Shops will have contests that manufacturers, and distributors will give prizes for moving one product or another. I'd say that's why he had a bunch of 40's. He sells X amount and he gets some neat-o cool thingie. The prizes can be as cool as a weapon to the one that sells the most..whatever in a month etc.

The round is a good one though. It's not for everyone but it will get done what you want it to. I personally like it for target shooting. It works a lot better for longer distances for me. My buddies and me get to some pretty wild contests. Shooting at 50 yards and over trying to shoot at something that is way over what anyone will ever "have to" with a pistol. But it is a blast. I guess that's a perk of being able to shoot at home. A few of us have enough land to set up to do some wild stuff. a golf ball at 50 yards is pretty common at my place. At another friends it's a branch on a tree next to a pond that we can set up to shoot as far as 125 yards. I can never get a 9mm or a 45 even to get in the groove without spending a lot of ammo. For some reason with a 40 I get in that groove a lot sooner. Maybe it's bullet speed vs weight, I really don't know. it just works:smt082

I think a lot of new shooters get a 40 mainly because they see a 9mm as a weak round probably because someone told them so. and they don't want to get a 45 because that HAS to have too much recoil so they meet in the middle. 

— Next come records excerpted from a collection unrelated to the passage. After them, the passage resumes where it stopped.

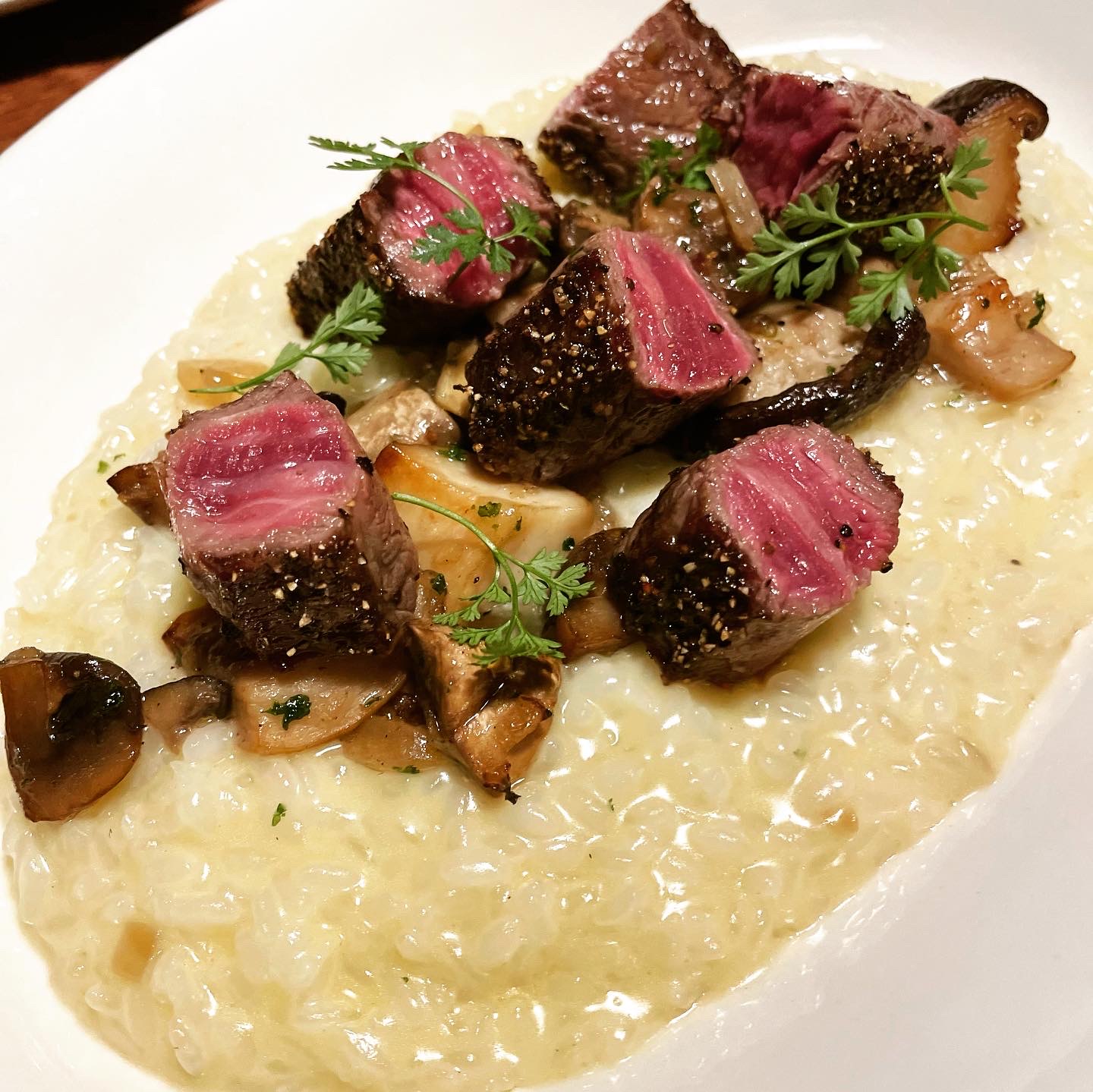 리조또는 부드러웠고 스테이크는 맛은 기억이 나지 않네요. 너무 부드럽지는 않았던 것 같아요. 하지만 머쉬룸이랑 리조또는 맛있었어요.
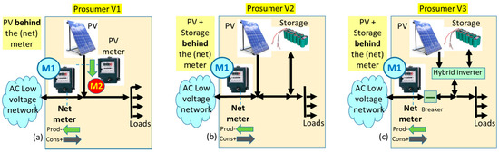 - Prosumer V1 (Figure 2a) has PV (or other intermittent, RES-based) generation behind the meter, connected to both the AC internal network and the DSO grid; depending on secondary legislation, available support scheme such as feed-in tariff (FiT) or green certificates (GC) might apply either for the excess energy measured by the net meter M1, or for the energy measured by the PV meter M2;
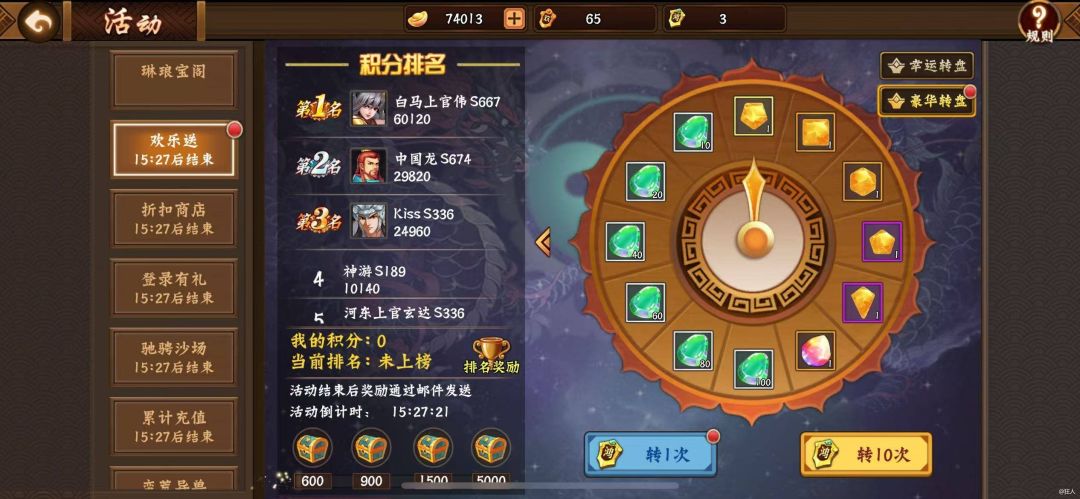 欢乐送玩法作为三国2的宝石材料获取途径,千万不要被表面文字所迷惑,认为是huandong送大礼活动。其实简单点就是转盘抽奖玩法,属于快速提升装备宝石面板途径。 欢动送分为幸运转盘和豪华转盘,幸运转盘需要欢乐券才能参与,豪华转盘需要鸿运券,欢乐券可以通过折扣商店元宝购买获取或累计登录获取;鸿运券就只能通过幸运转盘获得。 活动奖励:幸运转盘奖励为宝石精华、宝石碎片、金币、鸿运券、欢乐券;豪华转盘奖
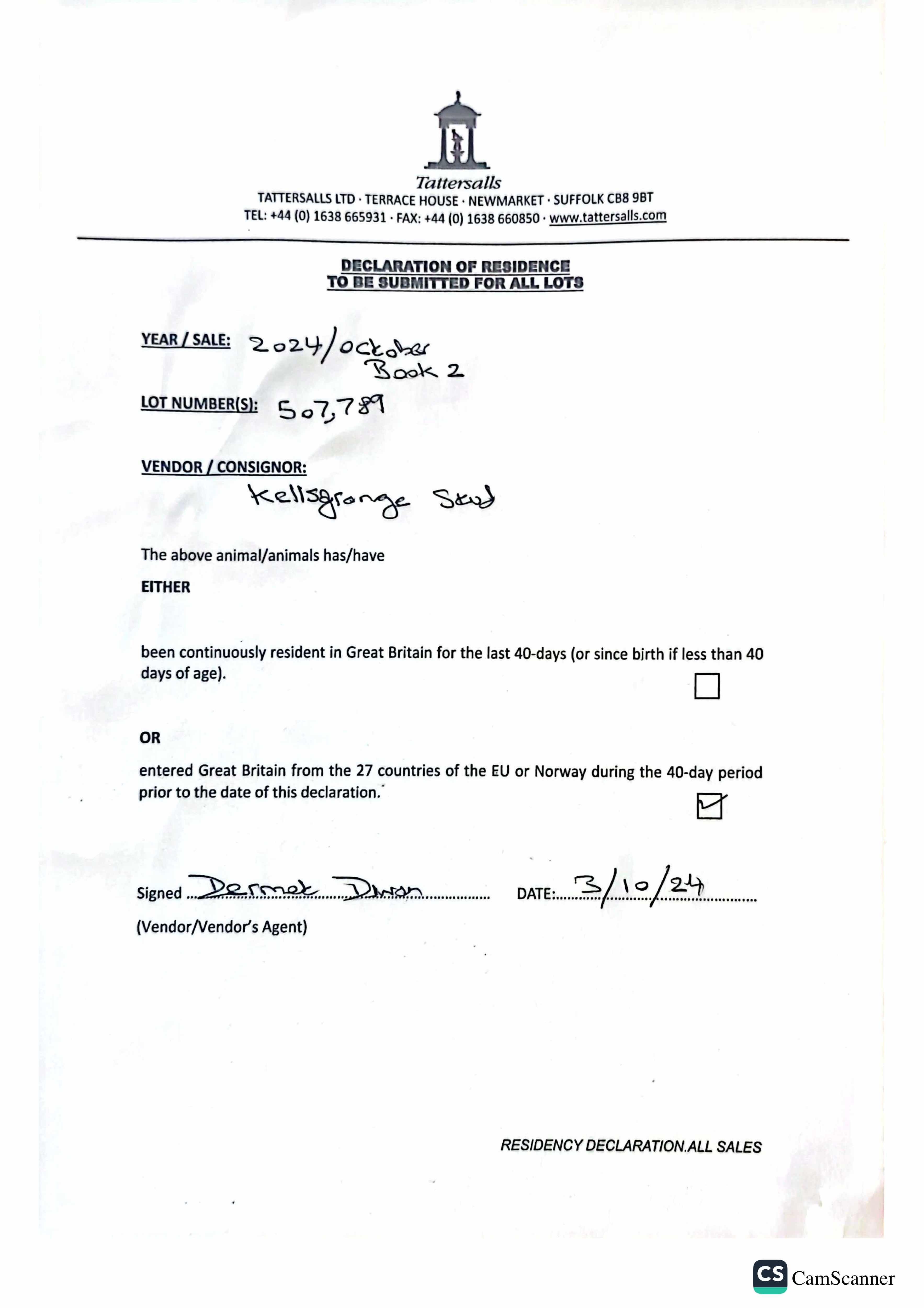 Consignor: Kellsgrange Stud, Ireland

For whatever reason I don't see the 40 fading away any time soon. I do think that shop in the OP's post was putting all their eggs in the wrong basket.


----------



## The New Guy (Nov 12, 2008)

I purchased my first pistol last week (Kahr PM40). I would have gone for the 9, but they wanted an extra $80. I pay about $2 more per box of ammo and this is far from a range/target/fun gun, so I see it as a non issue.

Weighing in at a little over 16oz loaded, it is taxing on the wrists.

edit: And in response to an earlier post, I got my first blood blister yesterday! lol


----------